3. Failure to Issue Form 1099s

A Form 1099 must generally be issued to vendors, including independent contractors, who provide more than $600 in services. Some entities, such as corporations, are not required to be issued a Form 1099. If a company fails to timely furnish a Form 1099, it can be subject to penalties.

4. Not Including the Fair Market Value of Gift Cards, Prizes and Awards in Employees’ Income

For federal income tax purposes, most prizes and awards are considered taxable fringe benefits subject to federal income and employment tax withholding. Gift cards are the equivalent of cash and should always be included in taxable wages regardless of amount. Certain items can be excluded from wages if they are de minimis in nature. However, cash equivalents are never de minimis.

5. Failing to Timely Deposit Withheld Taxes

Generally, a company is required to deposit taxes on a monthly or semi-weekly basis. When taxes reach certain amounts, they must be deposited the next business day. If a company doesn’t timely deposit these taxes, the company may be subject to late deposit penalties and interest. CPA in Miami notes penalties rates range from 2 to 15 percent, depending on how late the deposit is.

6. Failure to Timely Deposit Withholding Taxes on Vested Restricted Stock and Exercise of Stock Options

When an individual exercises stock options, employment taxes should be deposited within one day of the settlement date. The settlement date should not be more than three days after the date of exercise. However, when an employee is granted restricted stock, he or she generally recognizes income upon vesting. Income and employment taxes are required to be withheld on the fair market value of the shares less any amount the employee paid for such shares on that date. The income and employment taxes may be required to be deposited the next business day.

7. Incorrectly Excluding Expense Reimbursements from Reportable Wages

Whether expense reimbursements can be excluded from an employee’s wages depends on whether he or she is reimbursed pursuant to an accountable plan. An accountable plan is generally one under which expenses are reimbursed only if there is a business connection to the expenditure, there is an adequate accounting of the expenditure and any excess reimbursements are returned to the employer. If expenses are reimbursed under a policy or plan that does not meet these requirements, they must be included in taxable wages.

8. Failure to Include Nonqualified Deferred Compensation in Executives’ Incomes

If nonqualified deferred compensation plans have not been amended to comply with Internal Revenue Code Section 409A or have provisions that do not comply with 409A, the executives could have an income recognition event prior to the payment of the deferred amounts and could be subject to an excise tax. The Service has also established a correction program where taxpayers can obtain some relief with respect to certain operational failures. Only certain types of failures are eligible for correction, but taking advantage of this program can reduce the total amount of income inclusion and excise taxes.

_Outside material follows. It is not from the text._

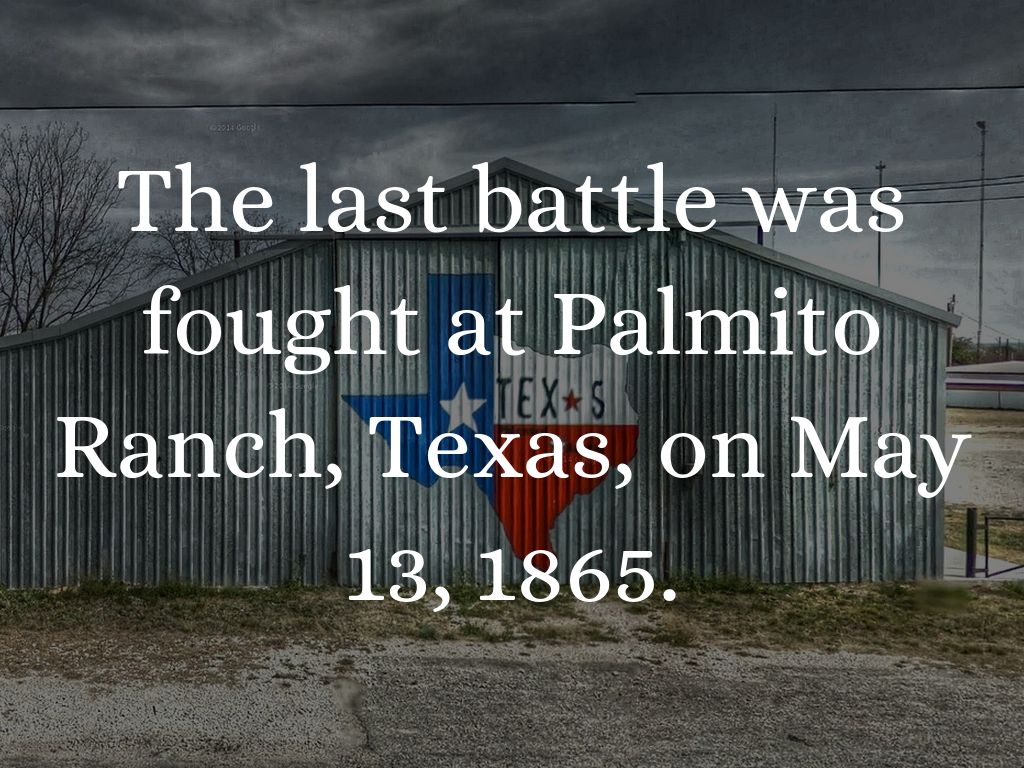 The last battle was fought at Palmito Ranch, Texas, on May 13, 1865.
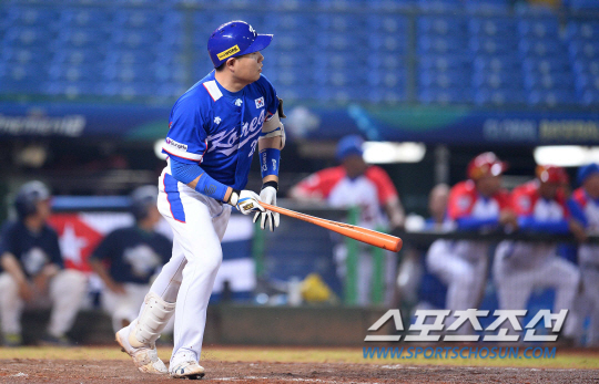 야구대표팀이 16일 오후 대만 타이중 인터콘티넨탈구장에서 쿠바(A조 2위)와 국가대항전 2015 프리미어 12 대회 8강전을 펼쳤다. 8회 양의지가 쿠바 마르티네스를 상대로 도망가는 솔로포를 날렸다. 홈런 타구를 바라보고 있는 양의지. 타이중(대만)=송정헌 기자 songs@sportschosun.com/2015.11.16

9. Not Including the Appropriate Value of Taxable Fringe Benefits in Employees’ Income

Taxable fringe benefits can also include spousal travel, company-provided automobiles, country club dues and housing benefits. How a company values these fringe benefits for purposes of income and employment tax reporting and withholding can be a complicated issue. For example, there are three valuation methods for calculating the value of personal use of company-provided vehicles. Is your company calculating this correctly?

10. Excluding Travel and Commuting Expense Reimbursements from Employees’ Income

Most of the time, travel and commuting expenses are not taxable income to an employee. However, if what started out as a short-term assignment is extended beyond a year, or if an employee is traveling to a permanent work site that is not in the same place as his or her permanent residence, those company-provided travel and commuting benefits may need to be included in the employee’s income.